🔥Building a Slack Bot with AI Capabilities - Part 7, Streaming Token Responses from AWS Bedrock to Slack using converse_stream()🔥

aka: AI, what are you doing while I wait? ⏳

Mar 04, 2025

This blog series focuses on presenting complex DevOps projects as simple and approachable via plain language and lots of pictures. You can do it!
These articles are supported by readers, please consider subscribing to support me writing more of these articles <3 :)
This article is part of a series of articles, because 1 article would be absolutely massive.

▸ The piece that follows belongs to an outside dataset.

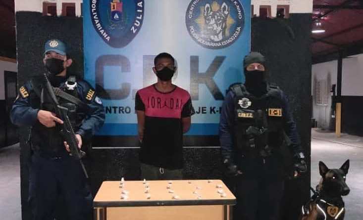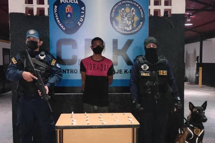 Una comisión del Centro de Coordinación Policial Patrullaje K-nino (CPK) del Cuerpo de Policía del estado Zulia (Cpez), capturó en flagrancia a Reny Jose Salomón Hernández con 20 envoltorios de presunta marihuana con un peso total de 20 gramos, el procedimiento se llevó a cabo en el sector Los Mangos, parroquia Idelfonso Vásquez del municipio Maracaibo, así lo informó el Comisionado Jefe Sergio Villasmil Rondón director general del Cpez.

Part 1: Covers how to build a slack bot in websocket mode and connect to it with python
Part 2: How to deploy an AWS Bedrock AI resource and connect to it to ask a request locally from your terminal with python3
Part 3: We’ll connect our slack bot with Bedrock locally using python3 with ngrok so slack users can have conversations with AI
Part 4: How to convert your local script to an event-driven serverless, cloud-based app in AWS Lambda
Part 5: Building a RAG Knowledge Base of an entire Confluence wiki, and teaching our Slack Bot to Read it in RealTime
Part 6: Switching to the .converse() API to support DOC/DOCX, XLS/XLSX, PDF, and others to chat with your data
Part 7 (this article!): Streaming token responses from AWS Bedrock to your AI Slack bot using converse_stream()
Part 8: ReRanking knowledge base responses to improve AI model response efficacy
Part 9: Adding a Lambda Receiver tier to reduce cost and improve Slack response time

Hey all!

So far in this series we’ve created a slack bot, connected it to a python-based Lambda, and taught that lambda to walk a whole slack conversation to build a conversation. That conversation is flattened and sent to the knowledge base to get some relevant context from Confluence, and the responses are added as conversation turns. The whole conversation payload is sent to Bedrock to get a response, and then that response is returned to the user in slack as a post.

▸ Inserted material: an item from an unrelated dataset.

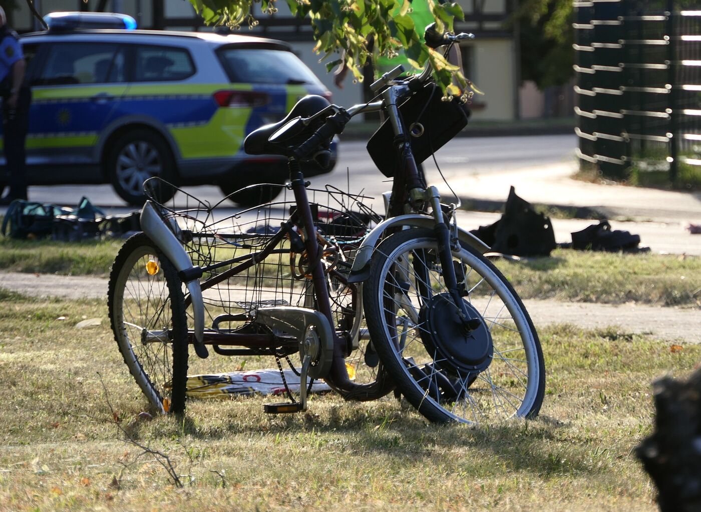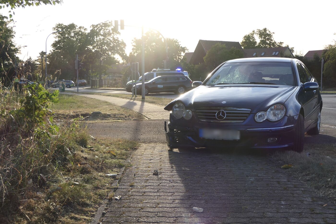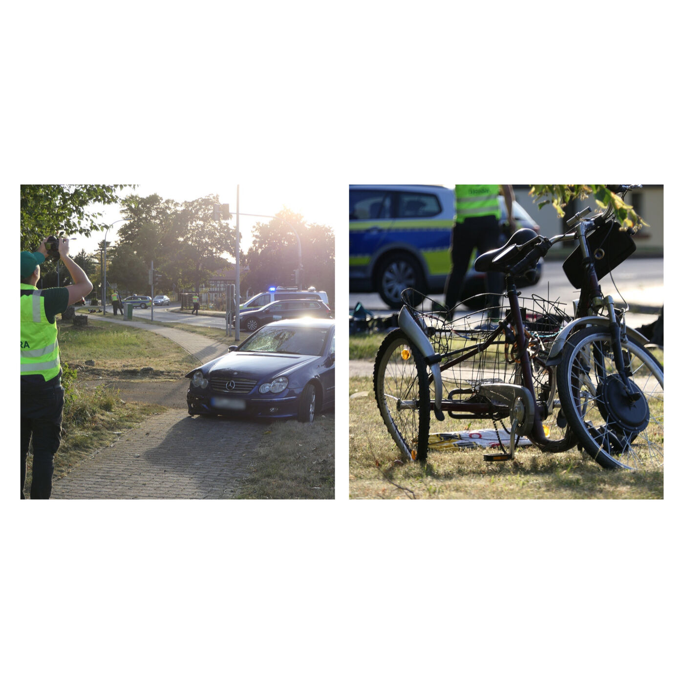 Die beschädigten Fahrzeuge an der Unfallstelle: ein Mercedes und ein (großes) Dreirad.

That’s a ton of things, and sometimes it takes a little bit (5-10 seconds) for that all to happen. In the mean-time, the user is waiting in slack, sure hoping that the bot will eventually respond.

Wouldn’t it be cooler if the bot immediately responded that it got the message, and kept you updated as it cycled through the stages of what it was doing? And then we could even have it stream the tokens from the AI in case you get a long response.

Here’s what it looks like:

When you’re streaming a longer response, the effect is even more pronounced. When we’re not streaming, our Lambda will wait until the AI entirely finishes building the response. The entire time we’re seeing updates flow to the screen would just be a blank, no response time.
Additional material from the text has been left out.